Anne Klein is the Patient Advocate on the CAP for the CIRM-funded SCID trial at UCSF and St. Jude Children’s Research Hospital. Her son Everett was born with SCID and participated in this clinical trial. We asked Anne to talk about her experience as the mother of a child with SCID, and being part of the research that could help cure children like Everett.

“When Everett was born his disease was detected through a newborn screening test. We found out he had SCID on a Wednesday, and by  Thursday we were at UCSF (University of California, San Francisco). It was very sudden and quite traumatic for the family, especially Alden (her older son). I was abruptly taken from Alden, who was just two and a half years old at the time, for two months. My husband, Brian Schmitt, had to immediately drop many responsibilities required to effectively run his small business. We weren’t prepared. It was really hard.”

(Everett had his first blood stem cell transplant when he was 7 weeks old – his mother Anne was the donor. It helped partially restore his immune system but it also resulted in some rare, severe complications as a result of his mother’s donor cells attacking his body. So when, three years later, the opportunity to get a stem cell therapy came along Anne and her husband, Brian, decided to say yes. After some initial problems following the transplant, Everett seems to be doing well and his immune system is the strongest it has ever been.)

“It’s been four years, a lot of ups and downs and a lot of trauma. But it feels like we have turned a corner. Everett can go outside now and play, and we’re hanging out more socially because we no longer have to be so concerned about him being exposed to germs or viruses.

His doctor has approved him to go to daycare, which is amazing. So, Everett is emerging into the “normal” world for the first time. It’s nerve wracking for us, but it’s also a relief.”

Everett SCID in hospital

How Anne came to be on the CAP

“Dr. Cowan from UCSF and Dr. Malech from the NIH (National Institutes of Health) reached out to me and asked me about it a few months ago. I immediately wanted to be part of the group because, obviously, it is something I am passionate about. Knowing families with SCID and what they go through, and what we went through, I will do everything I can to help make this treatment more available to as many people as need it.

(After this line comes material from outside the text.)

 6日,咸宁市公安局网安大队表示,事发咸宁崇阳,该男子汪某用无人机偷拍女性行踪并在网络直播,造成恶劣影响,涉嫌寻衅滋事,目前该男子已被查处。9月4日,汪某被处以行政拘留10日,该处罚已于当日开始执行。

I can provide insight on what it’s like to have SCID, from the patient perspective; the traumas you go through. I can help the doctors and researchers understand how the medical community can be perceived by SCID families, how appreciative we are of the medical staff and the amazing things they do for us.

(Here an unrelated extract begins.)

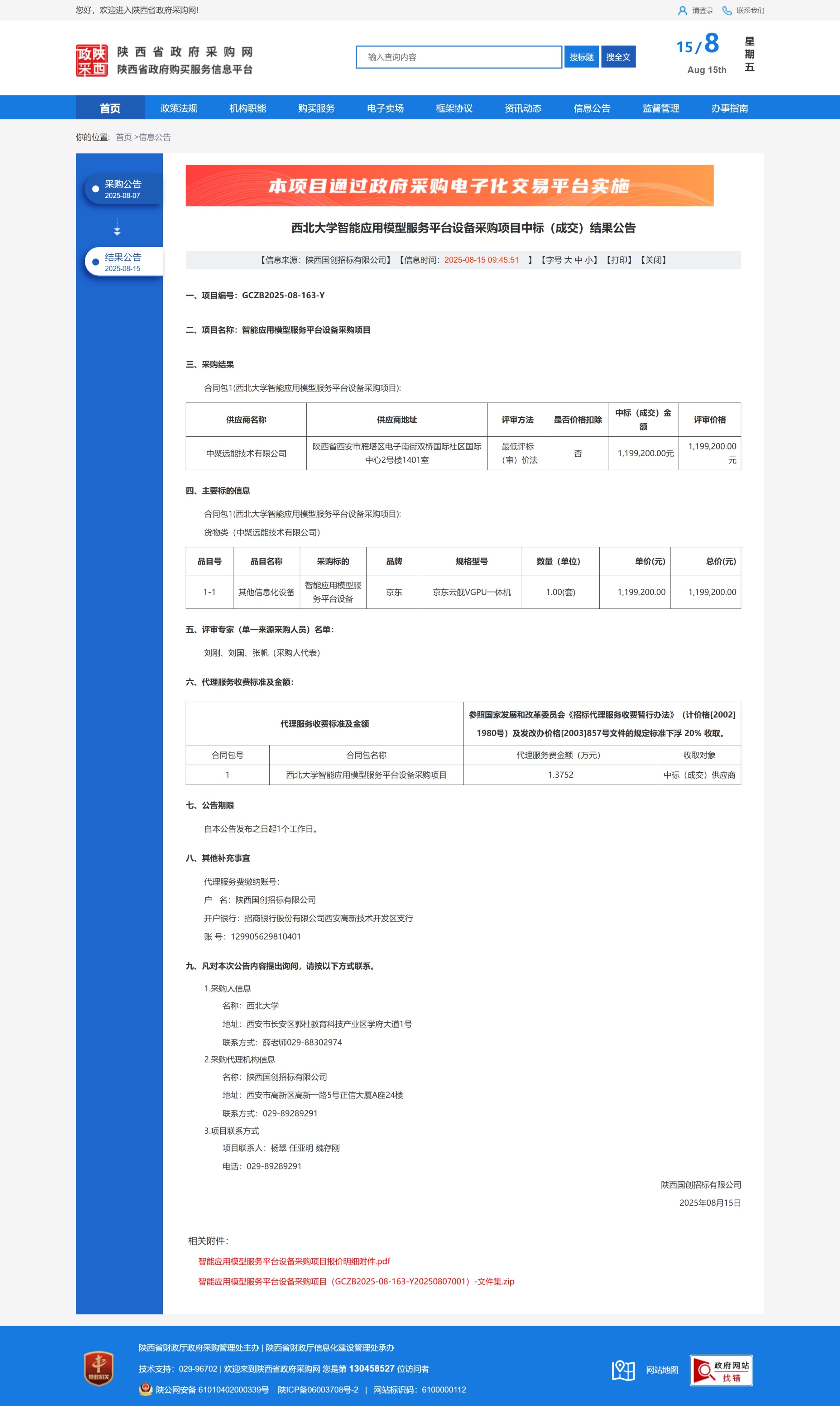 球速体育·(中国)官方网站QIUSU SPORTS智能应用模型服务平台设备采购项目中标(成交)结果公告 作者: 编辑:采购与招标办公室 时间:2025-08-15 原公告链接:https://www.ccgp-shaanxi.gov.cn/freecms/site/shaanxi/ggxx/info/2025/8a69c4d59860f6420198ab5332c37fcf.html?noticeType=001023¬iceId=a3a64a26-797b-11f0-8063-08c0eb20c666

I am connected to other families, both within and outside of the US, affected by this disease so I can help get the word out about this treatment and answer questions for families who want to know. It’s incredibly therapeutic to be part of this wider community, to be able to help others who have been diagnosed more recently.”

The CAP Team

“They were incredibly nice and when I did speak they were very supportive and seemed genuinely interested in getting feedback from me. I felt very comfortable. I felt they were appreciative of the patient perspective.

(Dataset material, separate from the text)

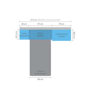 O Dormitório Modulado Master é uma excelente opção para aproveitar o melhor do espaço disponível em seu quarto. Ambiente compacto, ocupa 214cm de parede, porém os módulos podem ser montados separadamente para acomodar da forma que desejar. Conta com um armário ponte com cabeceira para colchão de solteiro com 78cm e 88cm de largura. Contém 1 gaveta e 2 cabideiros para uma perfeita organização.

I think when you are a research scientist in the lab, it’s easy to miss the perspective of someone who is actually experiencing the disease you are trying to fix.

At the NIH, where Everett had his therapy, the stem cell lab people work so hard to process the gene corrected cells and get them to the patient in time. I looked through the window into the hall when Everett was getting his therapy and the lab staff were outside, in their lab coats, watching him getting his new cells infused. They wanted to see the recipient of the life-saving treatment that they prepared.

It is amazing to see the process that the doctors go through to get treatments approved. I like being on the CAP and learning about the science behind it and I think if this is successful in treating others, then that would be the best reward.”

The future:

“We still have to fly back to the NIH, in Bethesda, MD, every three months for checkups. We’ll be doing this for 15 years, until Everett is 18. It will be less frequent as Everett gets older but this kind of treatment is so new that it’s still important to do this kind of follow-up. In between those trips we go to UCSF every month, and Kaiser every 1-3 weeks, sometimes more.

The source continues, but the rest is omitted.